> Supplied material:
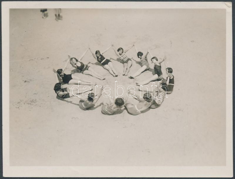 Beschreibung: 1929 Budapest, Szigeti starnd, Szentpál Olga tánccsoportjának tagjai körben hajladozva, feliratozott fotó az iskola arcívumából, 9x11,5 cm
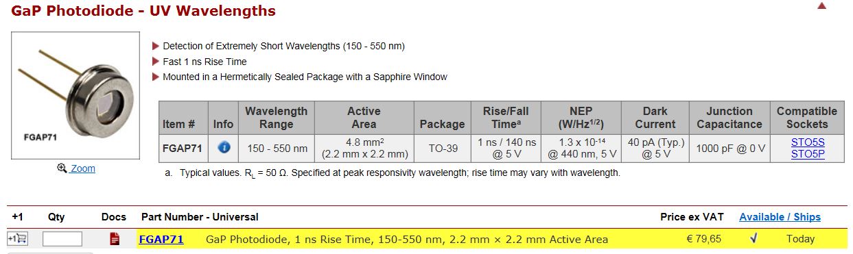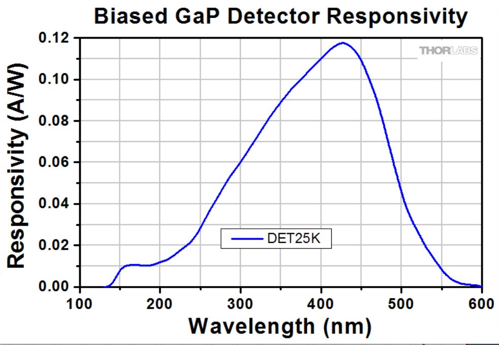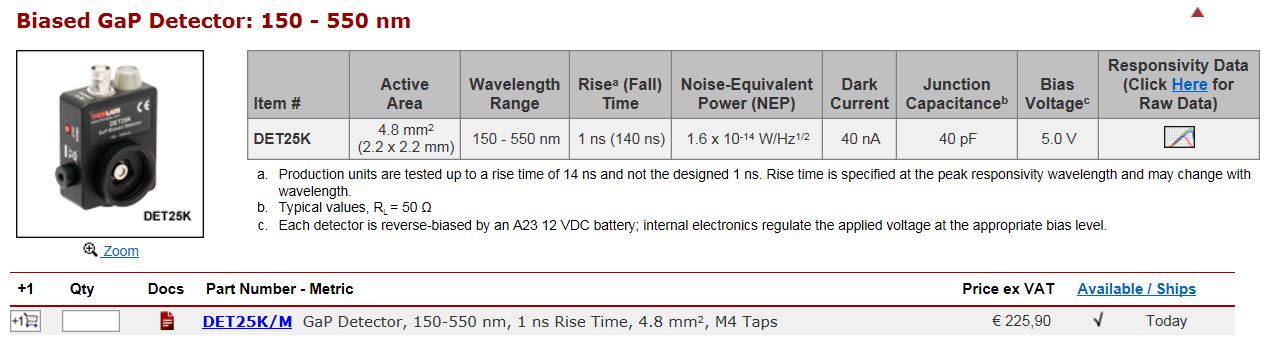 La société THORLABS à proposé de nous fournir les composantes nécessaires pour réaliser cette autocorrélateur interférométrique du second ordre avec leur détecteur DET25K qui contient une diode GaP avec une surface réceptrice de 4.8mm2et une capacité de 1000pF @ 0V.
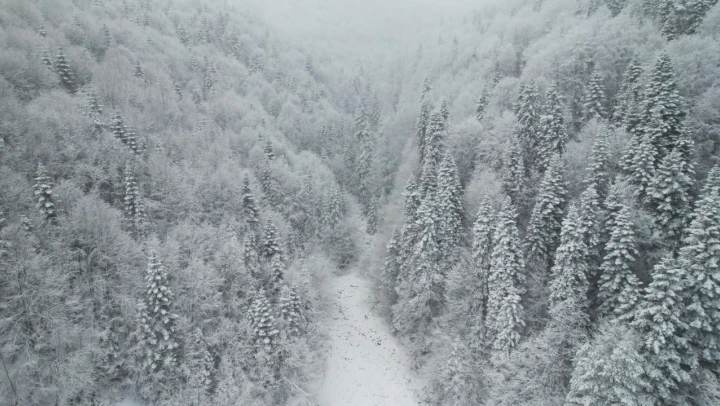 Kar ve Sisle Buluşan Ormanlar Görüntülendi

> Problem description: Starting at the line that contains "La société THORLABS", write out exactly each line through the last one in the listing above, leaving out the pictures and adding nothing else.

> Your response:
 La société THORLABS à proposé de nous fournir les composantes nécessaires pour réaliser cette autocorrélateur interférométrique du second ordre avec leur détecteur DET25K qui contient une diode GaP avec une surface réceptrice de 4.8mm2et une capacité de 1000pF @ 0V.
 Kar ve Sisle Buluşan Ormanlar Görüntülendi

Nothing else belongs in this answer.